Health effect of nicotine and other aerosols that come from electronic cigarettes is not well understood. A research showed that electronic cigarettes aerosol is having a risk for person who has a compromised health condition and limited ventilation. Flavoring availability is for food product not for liquid electronic cigarettes flavoring. There is limited data about the health effect of inhaled flavorings and the synergistic effect from electronic cigarettes contents and environmental contaminants [23]. In Indonesia, there is no regulation of electronic cigarettes yet. While, in 2016, in Great Britain the regulation of electronic cigarettes as a nonprescription medicine started, other countries such as Brazil, Singapore, and Norway have banned the use of electronic cigarettes [5]. Respondent’s opinion on policy of electronic cigarette in Indonesia was mostly “do not agree” if there is a policy to restrict electronic cigarette usage. The regulation of electronic cigarettes varies in 33 countries. WHO conducted a survey in 2011 about regulation and availability of electronic cigarettes within their country, 13 reported no availability, 16 reported they were available (nine unregulated, seven with some type of regulation), and four were unsure [24]. An analysis was undertaken of key elements in electronic cigarettes position statements from selected national/international health agencies such as general public health risk assessment and explicit statement that consumers should avoid electronic cigarettes. General public health risk assessment about electronic cigarettes was stated from Non-Smokers’ Rights Association (Canada), Campaign for Tobacco Free Kids (USA), Canada Lung Association, and Cancer Society (New Zealand). The explicit statement that consumers should avoid electronic cigarettes was stated from WHO, Scottish Dir Public Health [5]. There are limited data on the effects of recurrent long-term exposures to aerosolized nicotine, flavoring, and propylene glycol. The effects of an aerosol delivery system on the quantity of nicotine consumed by users are unknown. Electronic cigarettes have the potential for significant impact on public health. At this time, data are not sufficient to confirm a long-term benefit for users or a public health benefit for the population at large [25].
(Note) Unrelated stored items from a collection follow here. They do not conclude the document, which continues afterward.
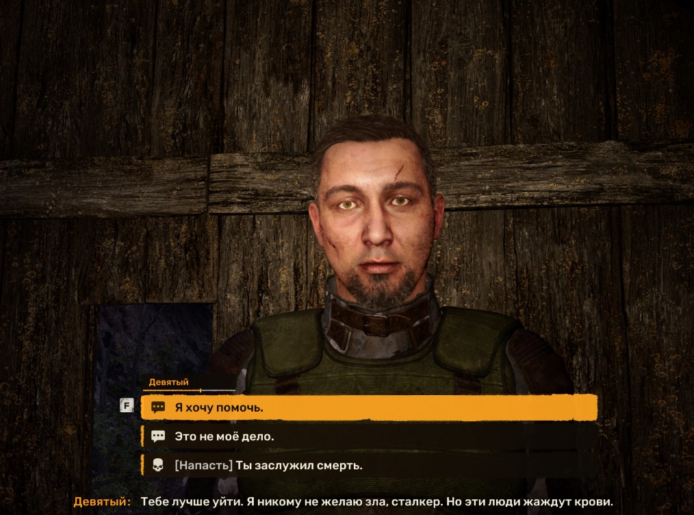 К сожалению, в этом выборе нет пути к мирному разрешению конфликта. Независимо от того, какой диалог вы выберете, вам предстоит принять решение: либо защитить Девятого, либо поддержать сталкеров и устранить его. Одного из них придется убить.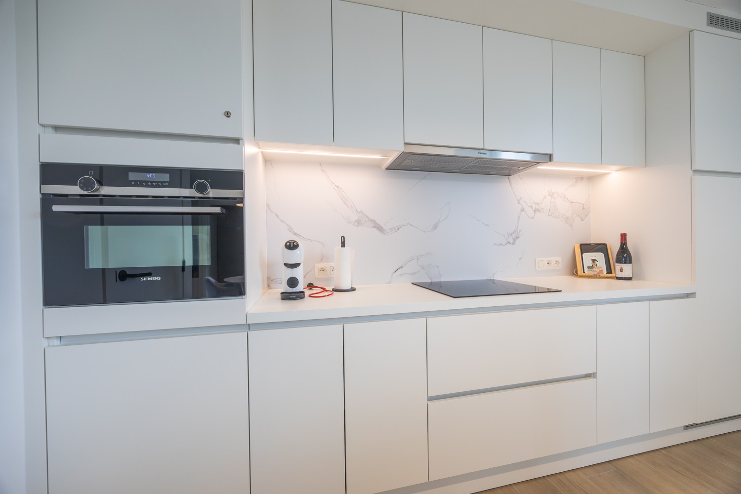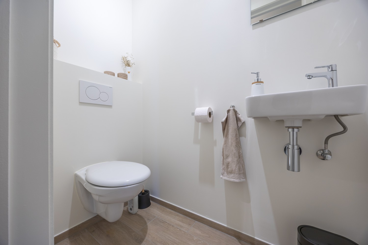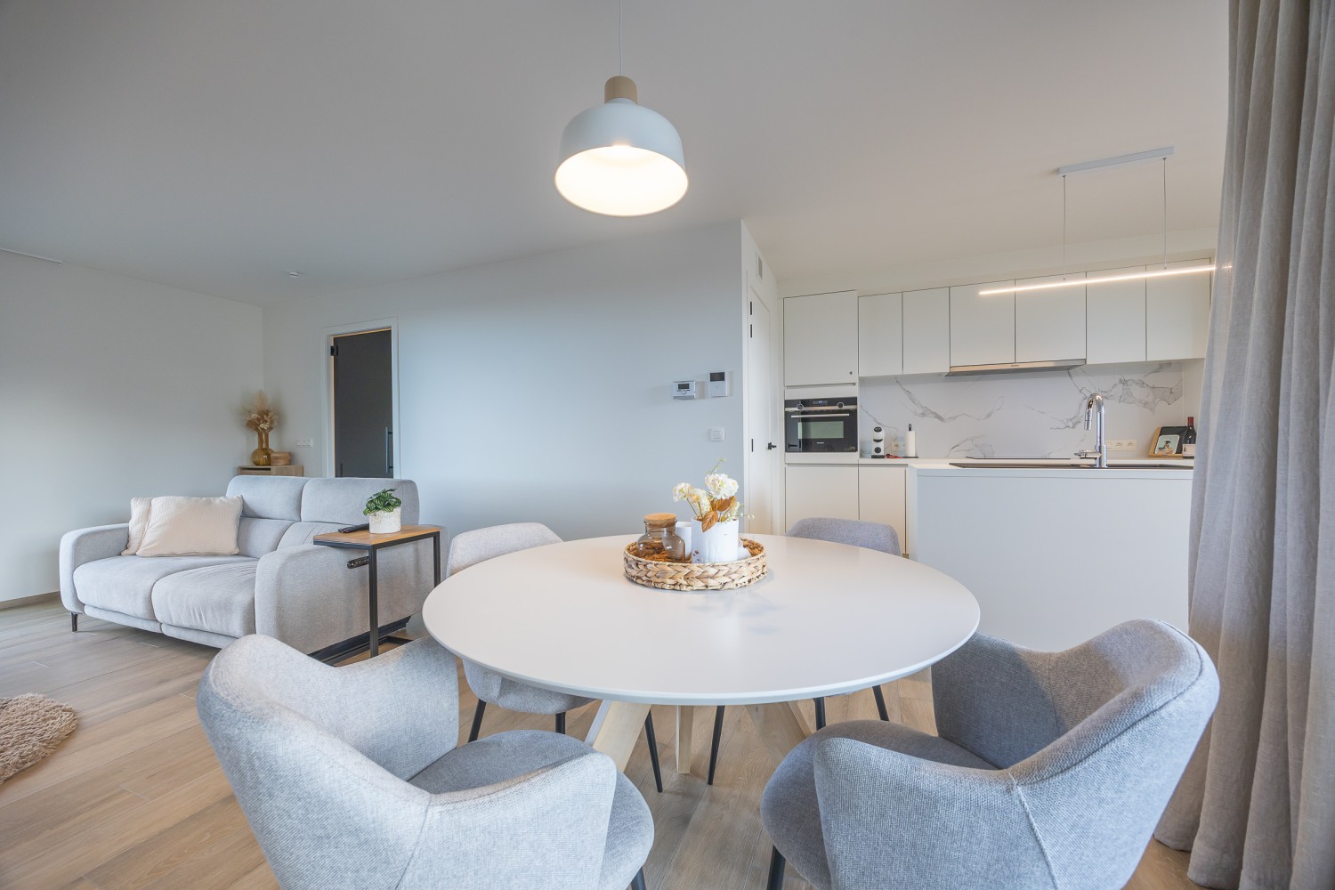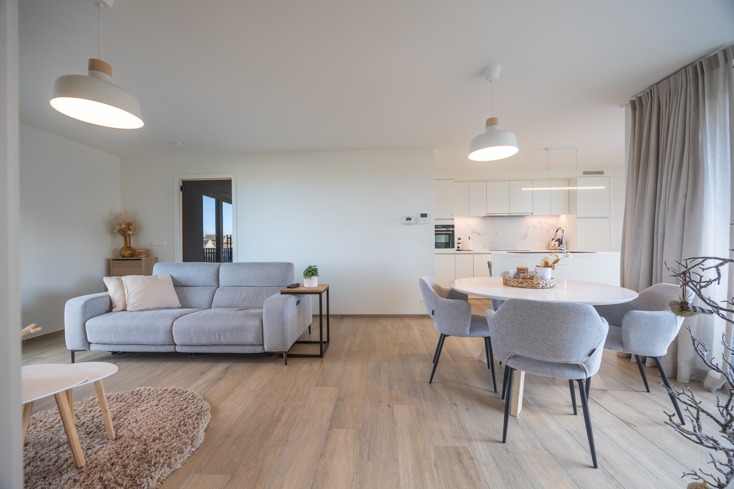 The stylish and light-filled living room is bathed in natural light thanks to the floor-to-ceiling windows and offers direct access to the cosy, sunny terrace. Enjoy a relaxed breakfast in the morning sun or a pleasant aperitif at sunset. The open, fully equipped kitchen blends seamlessly with the living area and invites you to cook and enjoy together. There is also a convenient storage room, a modern bathroom with spacious walk-in shower, and a separate toilet. The apartment is warm, modern and tastefully furnished, offering all contemporary comforts for a carefree stay.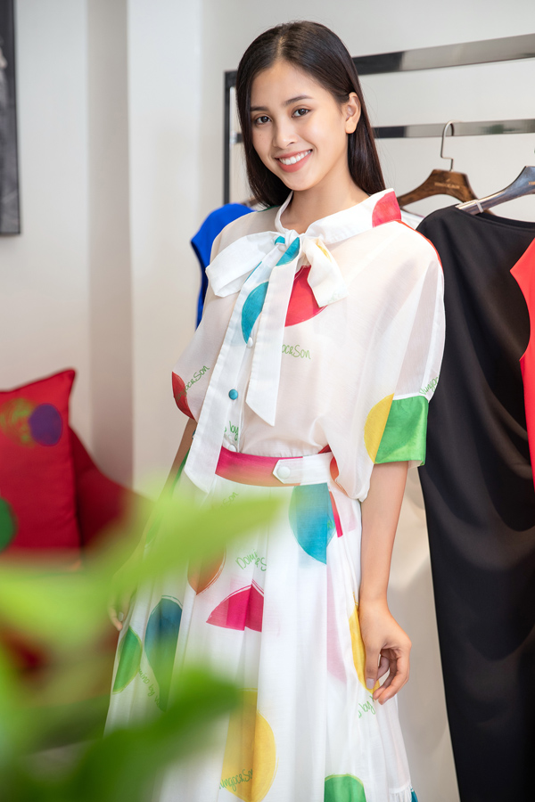 Việc mix đồ tone xuyệt tone cực cao tay của Tiểu Vy đi kèm với chiếc váy với những khoảng hở tinh tế tôn lên thần thái ngời ngời của đại diện Việt Nam.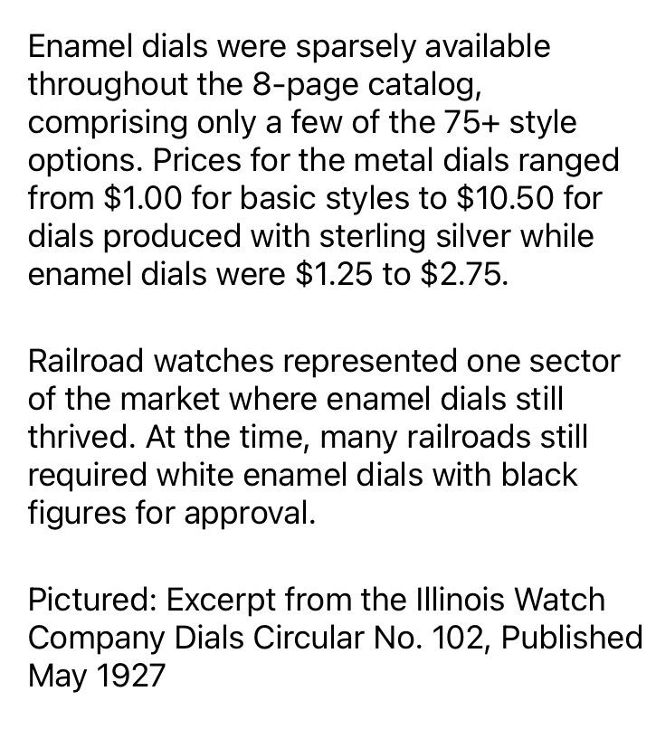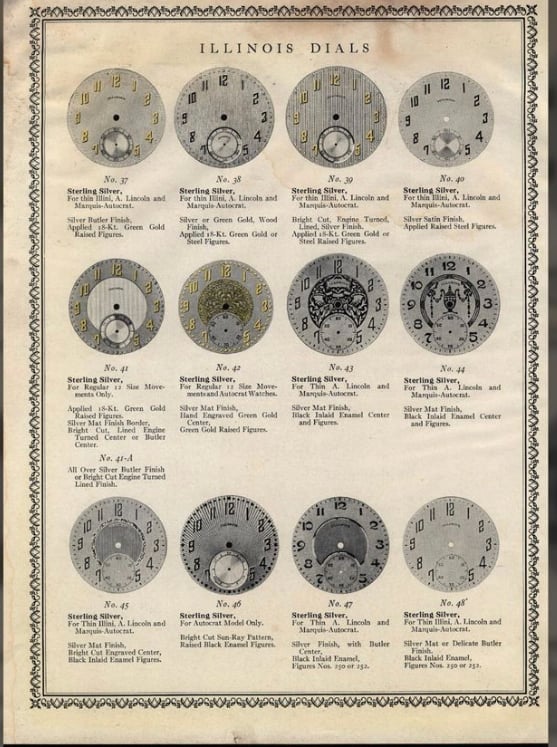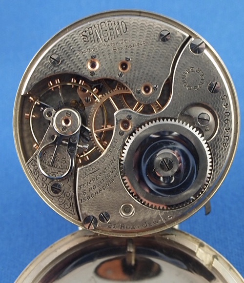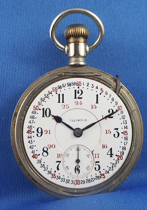 It’s a 16-size, Illinois, 21-jewel, Sangamo grade railroad standard watch with an unusual dial. The dial is a 24-hour, double-sunk, vitreous enamel, Montgomery style dial showing marginal minutes. Some might say this is a very “busy” dial, and I guess they’re right. The dial shows damage at the sub-dial, and a hairline or two, but it is reasonably good for a 110-year old watch…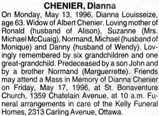 Chénier, Dianna (Née Louisseize) (1933-1996)

The limitation of this research was lack of electronic cigarettes brand distributed in Indonesia, from Indonesia and from other countries as well. Because of it, the determination of electronic cigarettes as samples in this research was not various. Exposure of electronic cigarette related to health complaints was not identified toxicologically. The other chemical measurements in electronic cigarettes were not identified.

4. Conclusion

In conclusion, mostly the first time users smoked electronic cigarette was at 2015, smoking frequency of electronic cigarettes was mostly twice a day and three times a day. Health complaints were mostly upper airway irritation with acute effect and mostly cotinine urine was positive. The recommendations are to educate users about hazard of electronic cigarettes due to the regulation of electronic cigarettes not being set yet and to conduct further research to identify chemical agents in electronic cigarettes.

Data Availability

Data can be accessed by contacting the corresponding author. No data were used to support this study.

Conflicts of Interest

The authors declare that there are no conflicts of interest regarding the publication of this paper.

Acknowledgments

The authors acknowledge Universitas Airlangga for funding this research through Annual Budget Activity Plan Universitas Airlangga year 2015. They also thank the enumerator for collecting data and thank respondents who participated in this research.